Should We Use Only ASA, Only WAS, Or Both ?

This is one of the main questions our time made during the solution design. In order to contextualize, the Application Server Agent (ASA) is a SiteMinder component responsible for integrating the Application Server with the SiteMinder Server. CA provides specific ASA distributions for each of the major application servers in the market, in our case, Oracle WebLogic Server 11g. The ASA is usually a package of some java libraries and some JAAS components to deploy to the application server. The Web Server Agent (WSA) is another SiteMinder component responsible for integrating the Web Server with the SiteMinder Server. There are also specific WSA distributions for the main web servers, most commonly Apache, or in our case, Oracle HTTP Server 11g, which is much similar to Apache.

Well, if you deploy only the ASA and make some tests, it will look like you site is protected. By the other hand, if you deploy only the WSA it will look like your site is protected also. But when you go deep in the tests, you will notice that you need the both of them.

The table below summarizes the behavior of an application when only protected by ASA, and the last column shows the final behavior when we add the WSA:

  Web Application Context SiteMinder Application Server Agent Behavior SiteMinder Web Server Agent Behavior
Accessed Resource JSESSION_ID SMSESSION Expected Behavior JAAS Security Principal Web Agent Behavior
1 Public None or Not Authenticated None Grant acess No None
2 Public None or Not Authenticated Valid Grant acess Yes Recycle SMSESSION and add SM HTTP Headers (like SM_USER and SM_SERVERSESSIONID)
3 Public None or Not Authenticated Invalid or Expired Grant acess No Set SMSESSION = LOGGEDOFF
4 Public Authenticated None Grant acess Yes None
5 Public Authenticated Valid Grant acess Yes Recycle SMSESSION and add SM HTTP Headers (like SM_USER and SM_SERVERSESSIONID)
6 Public Authenticated Invalid or Expired Grant acess Yes Set SMSESSION = LOGGEDOFF
7 Protected None or Not Authenticated None Redirect to login page (by ASA) No Redirect to login page (by WSA).

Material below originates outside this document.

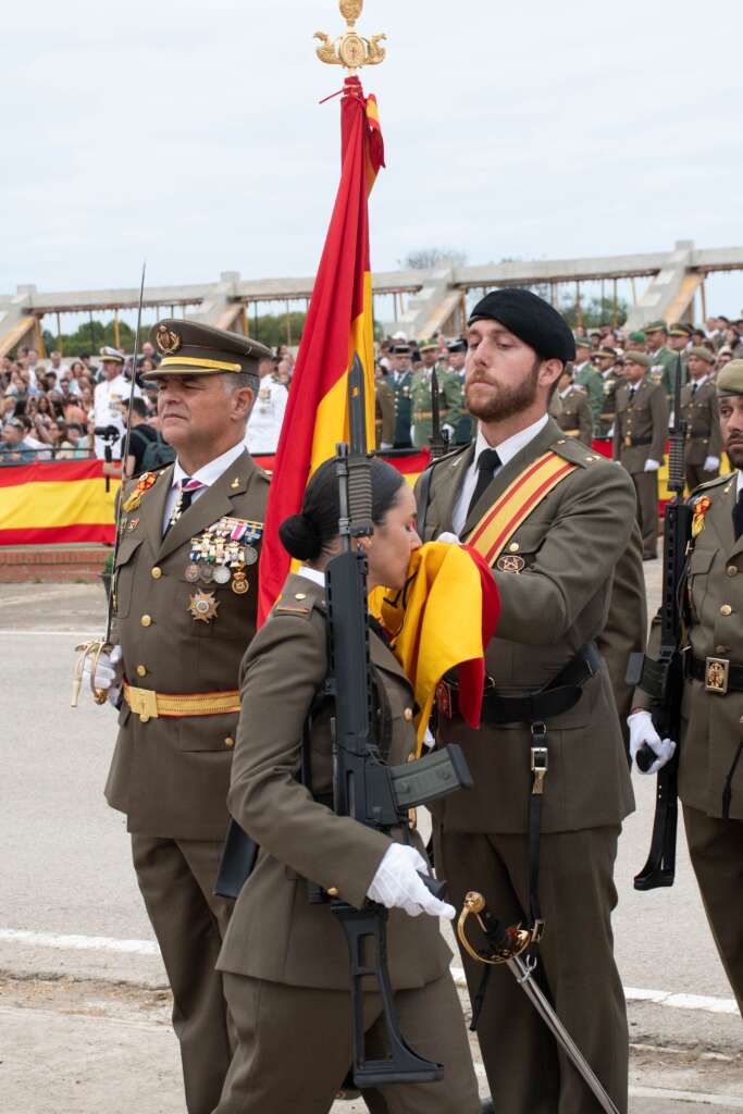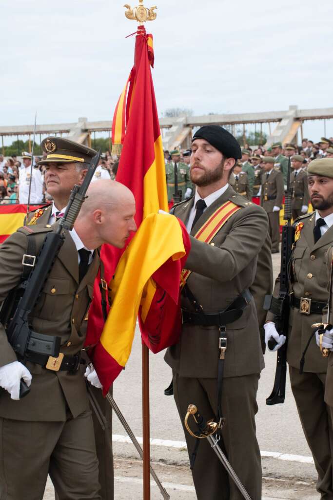 Seguidamente, con el sable cruzado sobre la Bandera, el coronel director, recitó la fórmula del Juramento, mientras la fuerza permanecía en la posición de ‘arma presentada’. A continuación, al son de marchas militares, los nuevos soldados pasaron de uno en uno ante la Bandera o Estandarte correspondiente, ratificando así su compromiso con España.
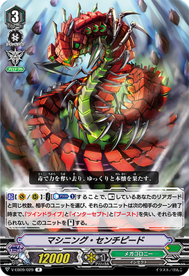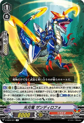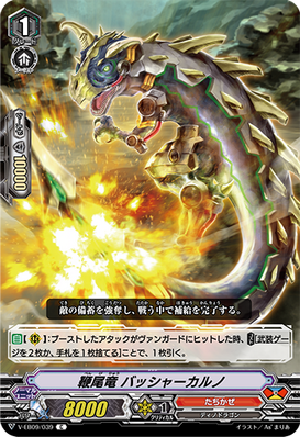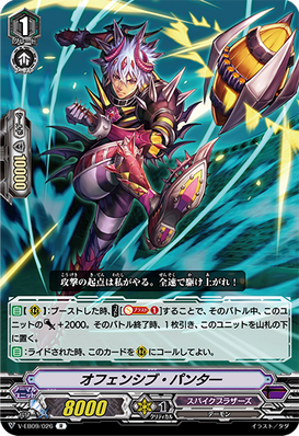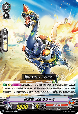 AUTO [V/R]: When it attacks, COST[C-Blast (1) & put a rear-guard on the bottom of your deck], and this unit gets [Power] +5000 / [Critical] +1 until end of that battle.

Obs.: using the SMWebAgentFilterMock, the first redirect will still be made by ASA and only the subsequent by the filter (due to JEE architecture restriction), but the result is the same.
8 Protected None or Not Authenticated Valid Grant acess Yes Recycle SMSESSION and add SM HTTP Headers (like SM_USER and SM_SERVERSESSIONID)
9 Protected None or Not Authenticated Invalid or Expired Deny access with HTTP 403 error No Set SMSESSION = LOGGEDOFF and redirect to login page (by WSA)
10 Protected Authenticated None Grant acess Yes Redirect to login page (by WSA)
11 Protected Authenticated Valid Grant acess Yes Recycle SMSESSION and add SM HTTP Headers (like SM_USER and SM_SERVERSESSIONID)
12 Protected Authenticated Invalid or Expired Grant acess Yes Set SMSESSION = LOGGEDOFF and redirect to login page (by WSA)

The main problems of the only ASA approach are the lines 9, 10 and 11 highlighted above:

  • Line 9 – protected resource with an empty java session and invalid SiteMinder token

Due to Java Authentication and Authorization Services (JAAS) architecture limitations, the Servlet Authentication Filter (SAF) component inside the WebLogics ASA Security Providers intercepts the request only when you don’t have an authenticated session neither a security token. The SAF component is an extension to JAAS which acts before the authentication providers and permits that a request to be redirected. When you already have the security token, regardless it is invalid or not, the SAF component will not run. In this case, only the Identity Asserter Provider (IAP) runs, and IAPs are not capable to do any redirects, then considering this limitation, a HTTP 403 error is the best an IA can do in this case.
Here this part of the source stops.